Weight gain is positively correlated with perilymphatic inflammation
Previous studies have shown that the negative effects of obesity on the vascular system are strongly correlated with perivascular inflammation (Greenstein et al. 2009; Ketonen et al. 2010; Iantorno et al. 2014). For example, it is well known that perivascular inflammatory responses in obesity increase endothelial dysfunction, mediate atherosclerosis and modulate vascular responsiveness (Berg and Scherer 2005; Mauricio et al. 2013; Prieto et al. 2014; Van de Voorde et al. 2014). Consistent with these reports, we found that increasing weight gain had a positive correlation with perilymphatic accumulation of inflammatory cells (cells within a radius of 50 μm) as assessed with co‐localization of CD45 (a pan‐leukocyte marker) and LYVE‐1 (a lymphatic vessel marker; n = 20, r = 0.9872, P < 0.0005; Fig. 2 A, B). Because inflammatory cells are a major source of iNOS and nitric oxide (NO) is a known regulator of collecting lymphatic pumping (Scallan et al. 2015), we next analysed perilymphatic expression of iNOS as a function of increasing weight gain. This analysis, similar to our findings with perilymphatic inflammation, demonstrated a marked accumulation of iNOS+ cells clustering around lymphatic vessels in obese animals and a strong positive correlation with weight gain (n = 20, r = 0.9986, P < 0.0001; Fig. 2 C, D).

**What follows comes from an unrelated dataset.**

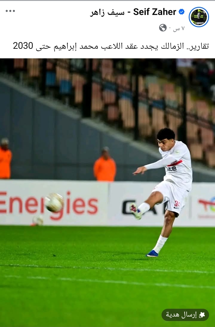 وكتب الإعلامي سيف زاهر عبر حسابه علي فيسبوك: "الزمالك يجدد عقد اللاعب محمد إبراهيم حتى 2030".

Calorie restriction results in rapid weight loss and decreased adipose tissue deposition
We next sought to determine whether diet‐induced weight loss could reverse the pathological effects of obesity on the lymphatic system. To accomplish this goal, male C57BL/6J mice were fed a HFD ad libitum until they reached a minimum weight of 40 g. At this point, a group of obese animals was randomly chosen and switched to a NCD for an additional 8 weeks (hereafter ‘weight loss mice’) while the remaining mice were maintained on a HFD for the duration of the experiment (hereafter ‘obese mice’). Age matched control animals were maintained on a NCD for the entire experiment (hereafter ‘lean mice’).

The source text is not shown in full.